Production Deployment Checklist

Pre-Deployment Verification

Before deploying k13d to production, verify the following:

1. Infrastructure Requirements

Resource Minimum Recommended Notes
CPU 0.5 cores 1-2 cores More cores improve AI response time
Memory 512MB 1-2GB Depends on cluster size and AI model
Storage 100MB 500MB For audit logs and SQLite database
Network - - Outbound to K8s API and LLM endpoint

2. Network Connectivity

  • Kubernetes API Access: k13d needs access to the Kubernetes API server
  • Test: kubectl cluster-info from the deployment environment
  • Required ports: TCP 443 (HTTPS) or TCP 6443 (K8s API default)

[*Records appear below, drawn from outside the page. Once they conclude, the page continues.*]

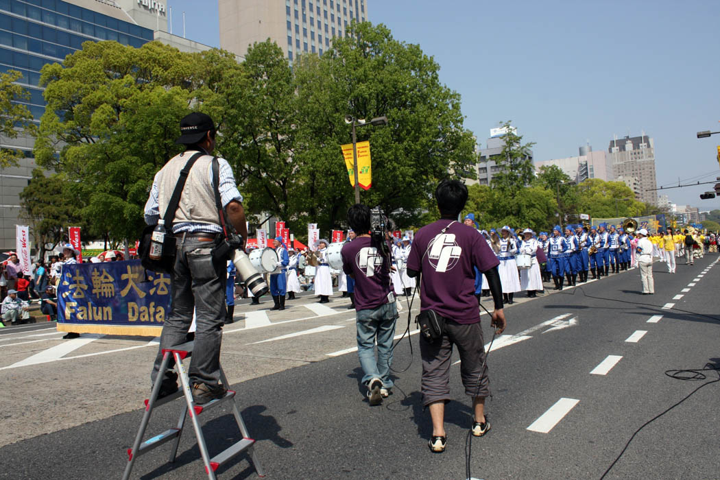 这时,大会组委会的广播里传来了播音员热情的声音:“请看!日本NPO法人法轮大法的队伍走过来了。法轮大法又称为法轮功,是中国传统的修炼方法,法轮功以‘真、善、忍’为修炼指导,作为身心健康的修炼方法广泛受到人们的爱戴。现在,世界上有一百多个国家有法轮功的修炼者。法轮功修炼者们,积极参与各种社区活动,致力于世界的友好与和平……”
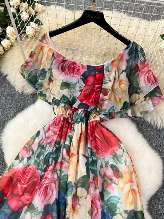 French retro floral print tea dress for women, summer style, gentle and flattering, slimming and elegant, super fairy-like chiffon dress with ruffles.
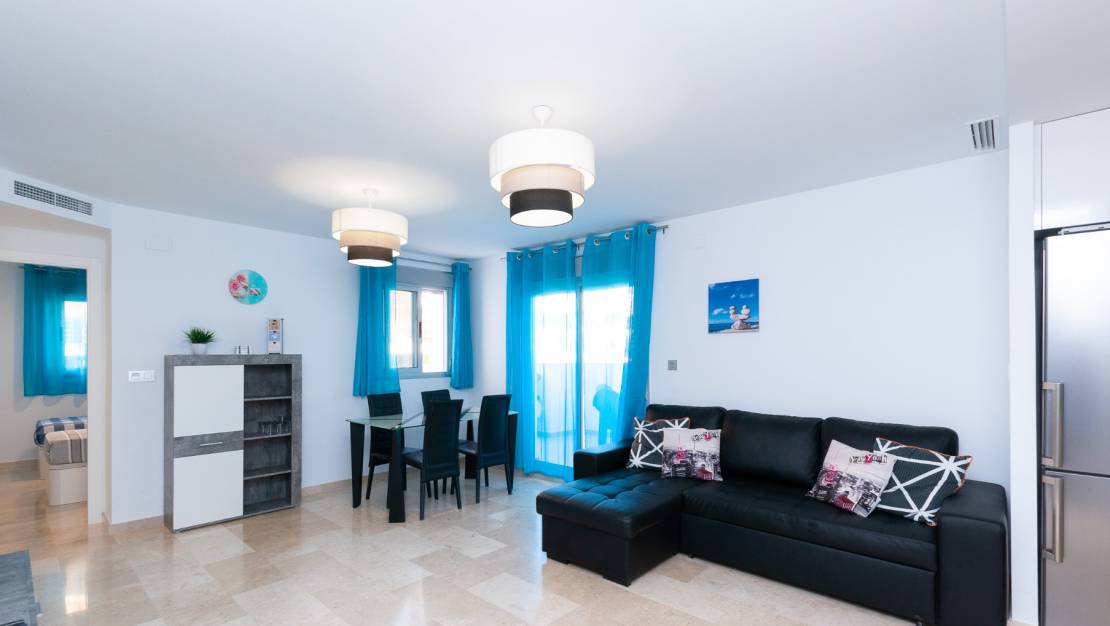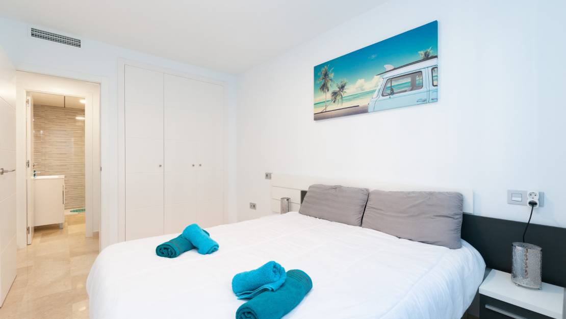 Se distribuye en amplio y luminoso salón con cocina americana, 2 dormitorios dobles, 1 baño (con ducha) y amplia terraza con vistas a la piscina. Este piso de obra nueva se alquila totalmente amueblado y equipado, listo para entrar a vivir.
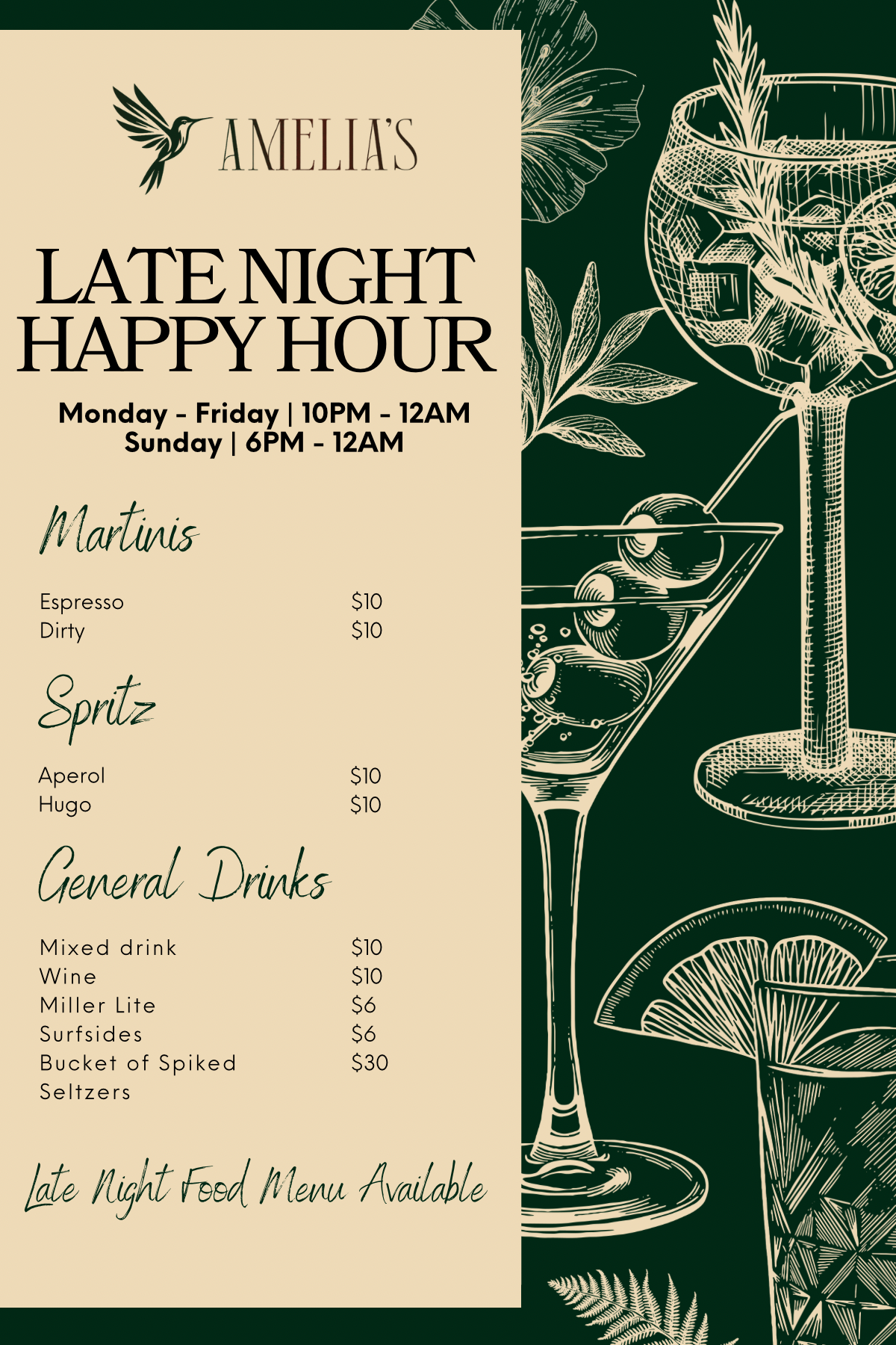 - LATE NIGHT HAPPY HOUR

  • LLM Provider Access: Outbound HTTPS to AI provider endpoints

  • OpenAI: api.openai.com:443
  • Anthropic: api.anthropic.com:443
  • Ollama (local): localhost:11434
  • Test: curl -I https://api.openai.com (or your provider)

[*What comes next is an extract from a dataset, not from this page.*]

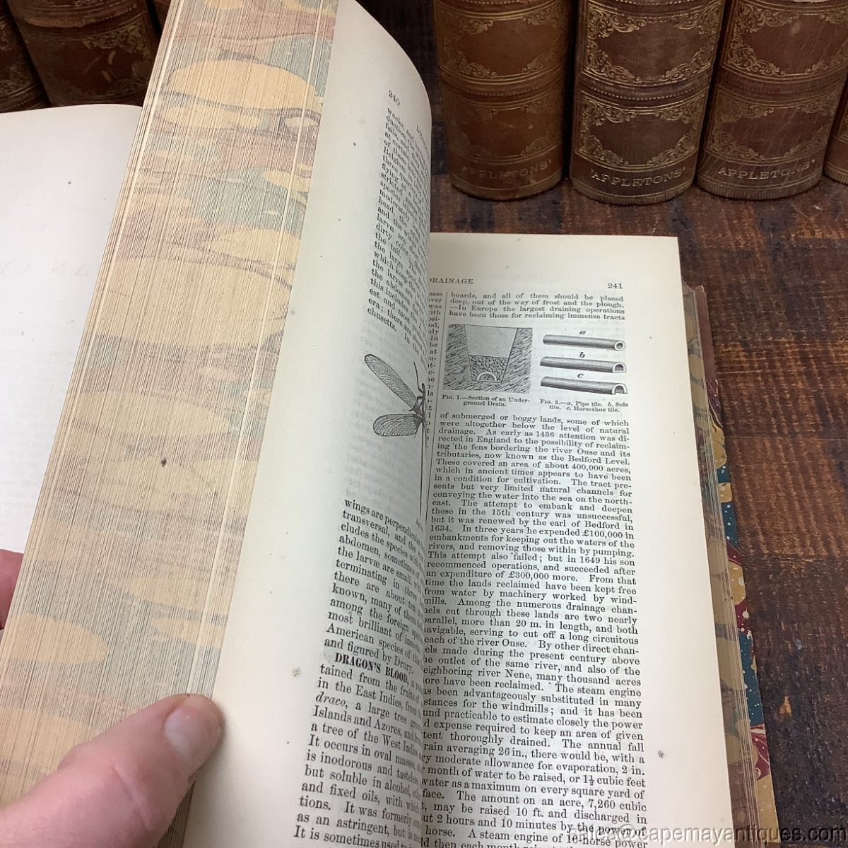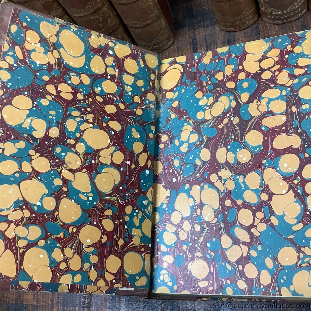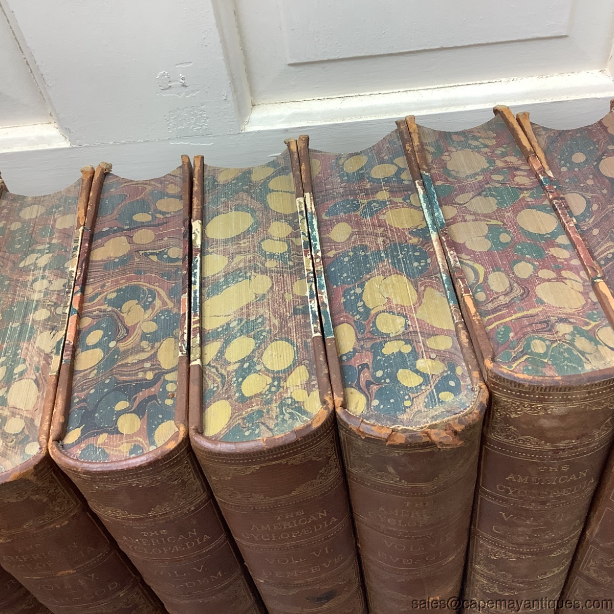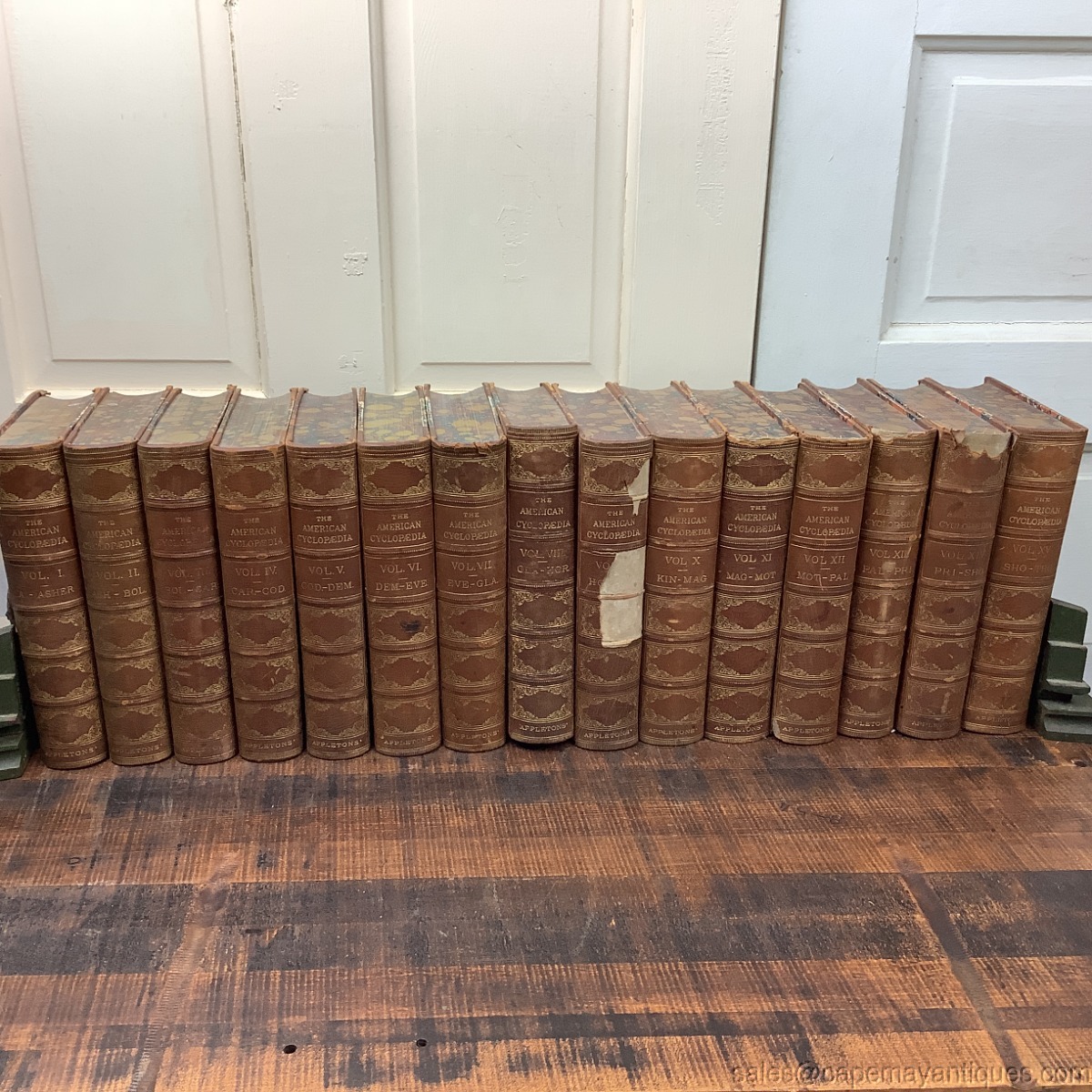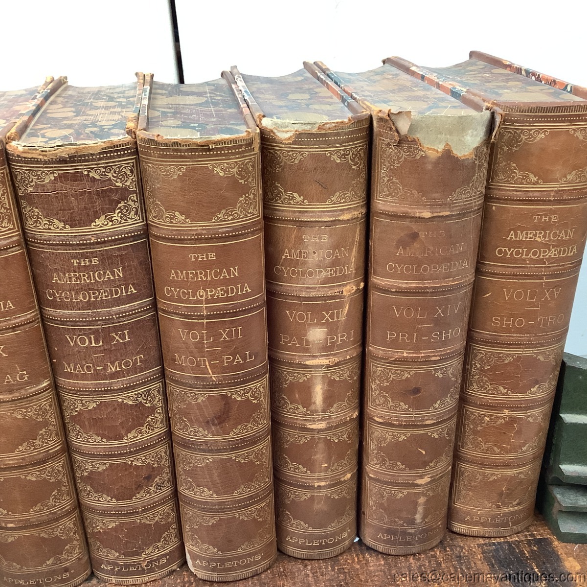 The American Cyclopedia: A Popular Dictionary of General Knowledge. Edited by George Ripley and Charles A. Dana. Volumes 1 through 15. First Volume Dated 1873. Last volume dated 1876. Each book is 10" tall by 7" wide. These are 1/4 leather bound at their spine as well as all 4 corners front and back. Interior front and back pages feature a colorful marble pattern which is also found on the closed book end pages, as well as to and bottom. Overall, good condition with little to no damage. Pages are good with no dog ears, rips etc. There are age spots on some front pages. Volume 9 has the worse condition at the binding with missing leather sections. Volumes 11, 12 have minor damage at top edge of binding and 13 has more significant loss at binding top. See images. Minor wear top top edges of front and back covers. Very minor considering there age.

  • Internal Access (Web UI mode): Ingress or LoadBalancer configuration

  • Default port: 8080 (configurable with -port flag)
  • HTTPS/TLS recommended for production

3. Authentication & Authorization

  • Kubernetes RBAC: Create a dedicated ServiceAccount with appropriate permissions

    apiVersion: v1
    kind: ServiceAccount
    metadata:
      name: k13d
      namespace: k13d-system
    ---
    apiVersion: rbac.authorization.k8s.io/v1
    kind: ClusterRole
    metadata:
      name: k13d-viewer
    rules:
    - apiGroups: ["*"]
      resources: ["*"]
      verbs: ["get", "list", "watch"]
    - apiGroups: [""]
      resources: ["pods/log", "pods/exec"]
      verbs: ["get", "create"]
    ---
    apiVersion: rbac.authorization.k8s.io/v1
    kind: ClusterRoleBinding
    metadata:
      name: k13d-viewer
    roleRef:
      apiGroup: rbac.authorization.k8s.io
      kind: ClusterRole
      name: k13d-viewer
    subjects:
    - kind: ServiceAccount
      name: k13d
      namespace: k13d-system
    

  • AI API Keys: Store securely using Kubernetes Secrets

    kubectl create secret generic k13d-ai-keys \
      --from-literal=OPENAI_API_KEY=sk-... \
      --namespace=k13d-system
    

  • Web UI Authentication (if using web mode):

  • Configure authentication in config.yaml
  • Use strong passwords (minimum 12 characters)
  • Consider integrating with SSO/OIDC

4. Configuration Management

  • Create production config.yaml with:
  • Appropriate log_level (default: info, use debug only for troubleshooting)
  • enable_audit: true for compliance tracking
  • LLM provider settings (use environment variables for secrets)
  • Resource limits and safety settings

  • Store configuration in a ConfigMap:

    kubectl create configmap k13d-config \
      --from-file=config.yaml=config.yaml \
      --namespace=k13d-system
    

5. Security Scan

  • Scan k13d binary/image for vulnerabilities

    # For Docker images
    trivy image ghcr.io/kube-ai-dashboard/k13d:latest
    
    # For binary
    syft packages k13d | grype
    

  • Review security policy: SECURITY.md


Monitoring & Observability

Log Levels

k13d supports multiple log levels configured via log_level in config.yaml:

Level Description Use Case
debug Verbose logging Development, troubleshooting
info Standard logging Production default
warn Warnings only Quiet production
error Errors only Minimal logging

Production Recommendation: Use info level by default, switch to debug for troubleshooting.

Audit Logging

k13d maintains an audit log of all user actions in a SQLite database.

Audit Database Location

Deployment Mode Path
TUI (local) ~/.local/share/k13d/audit.db
Web (container) /data/k13d/audit.db (mount a persistent volume)

Audit Log Schema

CREATE TABLE audit_log (
    id INTEGER PRIMARY KEY AUTOINCREMENT,
    timestamp DATETIME DEFAULT CURRENT_TIMESTAMP,
    user TEXT,
    action TEXT,
    resource TEXT,
    namespace TEXT,
    details TEXT,
    success BOOLEAN,
    error_msg TEXT
);

Querying Audit Logs

# View recent actions
sqlite3 /data/k13d/audit.db "SELECT * FROM audit_log ORDER BY timestamp DESC LIMIT 10;"

# Failed operations
sqlite3 /data/k13d/audit.db "SELECT * FROM audit_log WHERE success = 0;"

# Actions by user
sqlite3 /data/k13d/audit.db "SELECT * FROM audit_log WHERE user = 'admin@example.com';"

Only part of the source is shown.